Diet Rite
- Type: Diet soda
- Manufacturer: Keurig Dr Pepper
- Origin: United States
- Introduced: 1954; 72 years ago
- Discontinued: 2024; 2 years ago
- Related products: Diet Coke, Diet Pepsi, and Tab
- Website: https://www.kdpproductfacts.com/product/a0e3h000003LJzLAAW/diet-rite-cola-12-fl-oz-us

= Diet Rite =

Soft drink brand

Diet Rite was a brand of no-calorie soft drinks that was originally distributed by the RC Cola company.

==History==

Diet Rite was introduced in 1954 and was initially released as a dietetic product, but in 1962 it was introduced nationwide and marketed to the general public as a health-oriented beverage.
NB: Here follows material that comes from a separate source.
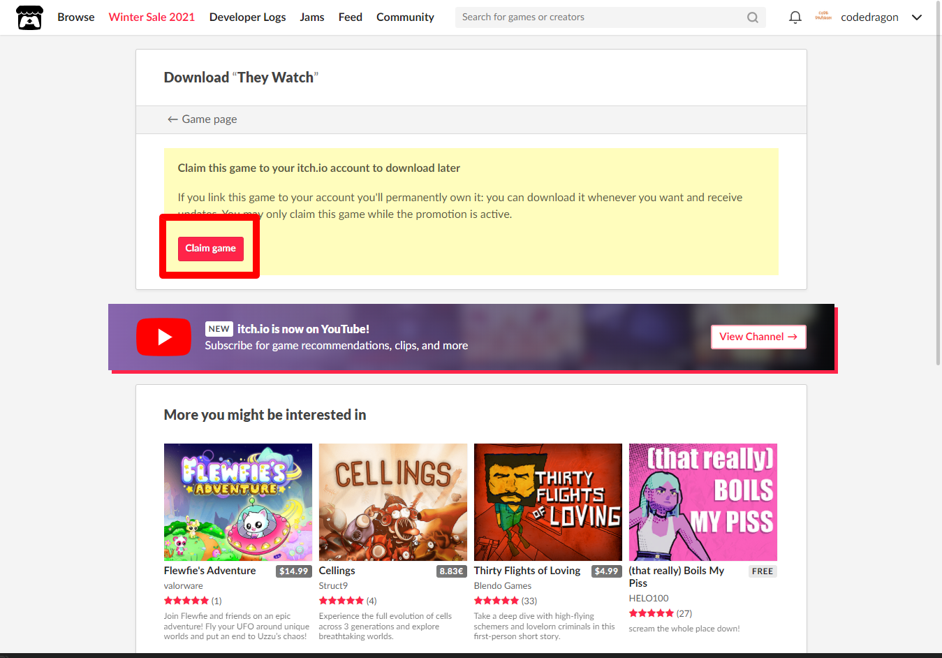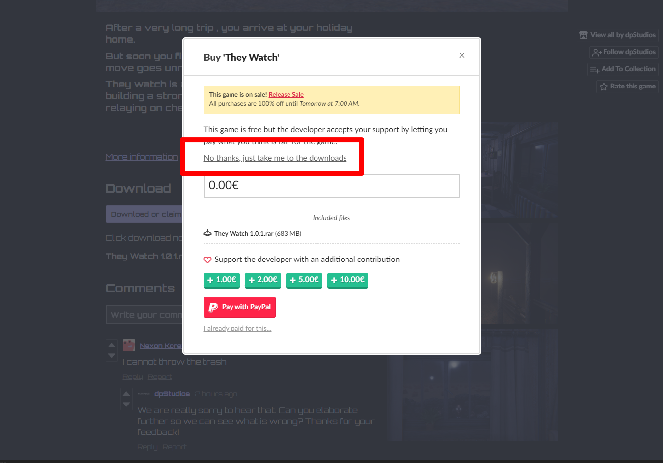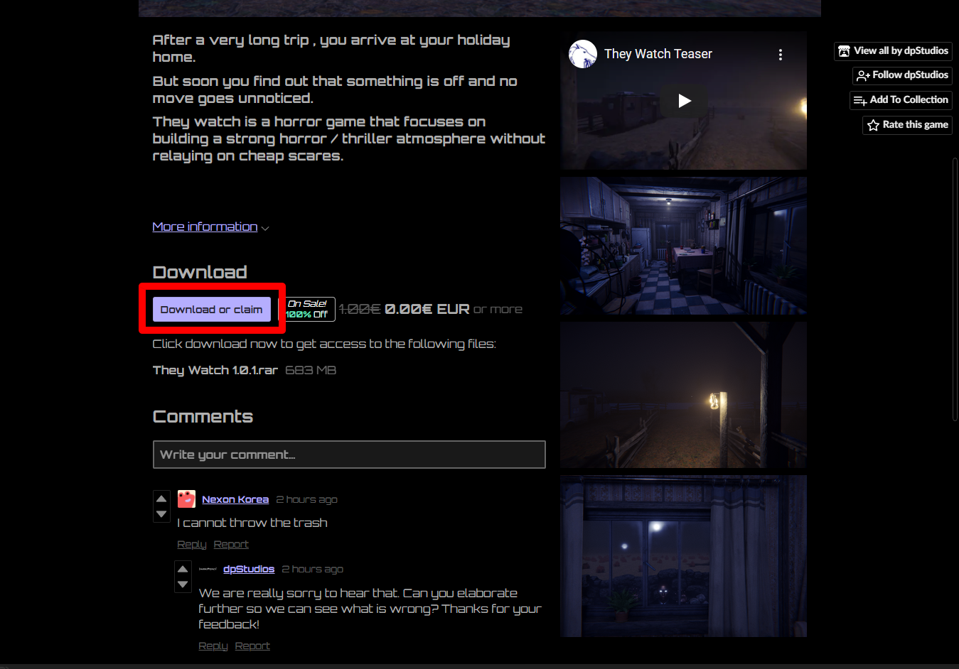 "They Watch" 페이지에 있는 [Download or claim]을 클릭합니다.

The original formula was sweetened with cyclamate and saccharin. After cyclamate was banned in 1969, it was removed from the product. NutraSweet brand aspartame was added after its introduction to the market, and in 1987 saccharin was eliminated entirely, along with caffeine. In the 1990s, several fruit-flavored varieties of Diet Rite were introduced.
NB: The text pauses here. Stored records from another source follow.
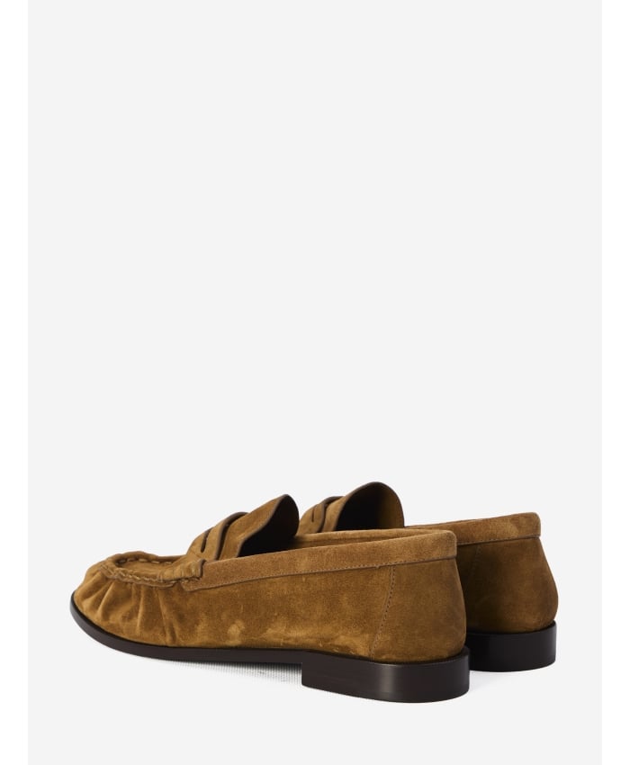 Le Loafer moccasins in cognac suede. They feature a gathered effect on the upper, a gold-tone metal Cassandre logo on the side of the right shoe, an
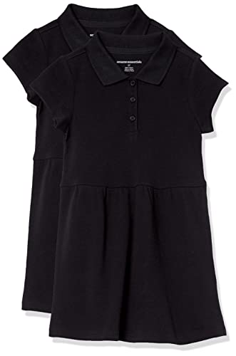 Amazon Essentials Girls' Short-Sleeve Pique Polo Dress, Pack of 2, Black, 6-7 Years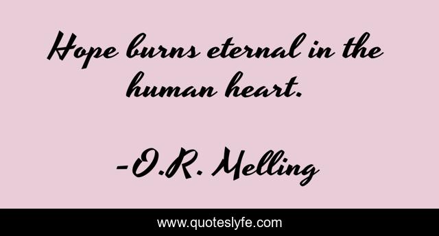 This page presents the quote "Hope burns eternal in the human heart.". Author of this quote is O.R. Melling. .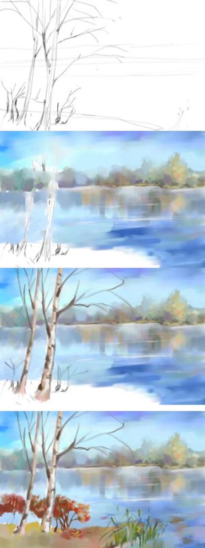поэтапное рисование пейзажа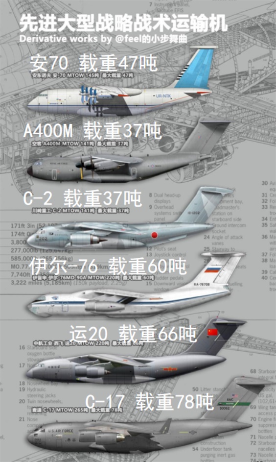 转发自微博feel的小步舞曲绘制的各国运输机尺寸对比图:

In 2000, the line was reformulated again, this time to replace aspartame with Splenda brand sucralose and Sunett brand acesulfame potassium. It became the first major diet soda in the United States to use neither aspartame nor saccharin as a sweetener. In 2005, "Pure Zero" was added to the name, and a cherry cola flavor was introduced in 2006.
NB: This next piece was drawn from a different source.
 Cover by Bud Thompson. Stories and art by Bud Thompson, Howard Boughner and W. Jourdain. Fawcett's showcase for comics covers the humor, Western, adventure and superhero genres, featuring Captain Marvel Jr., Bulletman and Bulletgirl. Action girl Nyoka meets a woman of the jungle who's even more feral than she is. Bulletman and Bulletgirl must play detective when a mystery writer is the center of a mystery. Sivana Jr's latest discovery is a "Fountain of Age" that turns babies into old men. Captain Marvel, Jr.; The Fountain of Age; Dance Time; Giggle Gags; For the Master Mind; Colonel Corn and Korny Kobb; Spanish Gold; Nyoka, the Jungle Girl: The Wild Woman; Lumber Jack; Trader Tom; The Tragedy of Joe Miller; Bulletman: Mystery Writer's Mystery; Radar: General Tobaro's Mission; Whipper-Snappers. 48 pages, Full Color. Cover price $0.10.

The soda was discontinued in late 2024 and remained owned by Keurig Dr Pepper.

== Flavors==
- Diet Rite Pure Zero Cola: The classic, caffeine-free diet cola.
- Diet Rite Pure Zero Red Raspberry: A highly popular, sweet, and fruity option.
- Diet Rite Pure Zero White Grape: A light, fruity flavor.
- Diet Rite Pure Zero Tangerine: A bright citrus option.
- Diet Rite Pure Zero Black Cherry: A deep, cherry-flavored soda.
- Diet Rite Pure Zero Cherry Cola: A blend of classic cola and cherry.

==Advertising==
In the early 1960s, The Paris Sisters performed a jingle for a Diet Rite television commercial that included the line "Stay thin with the best-tasting cola of all!".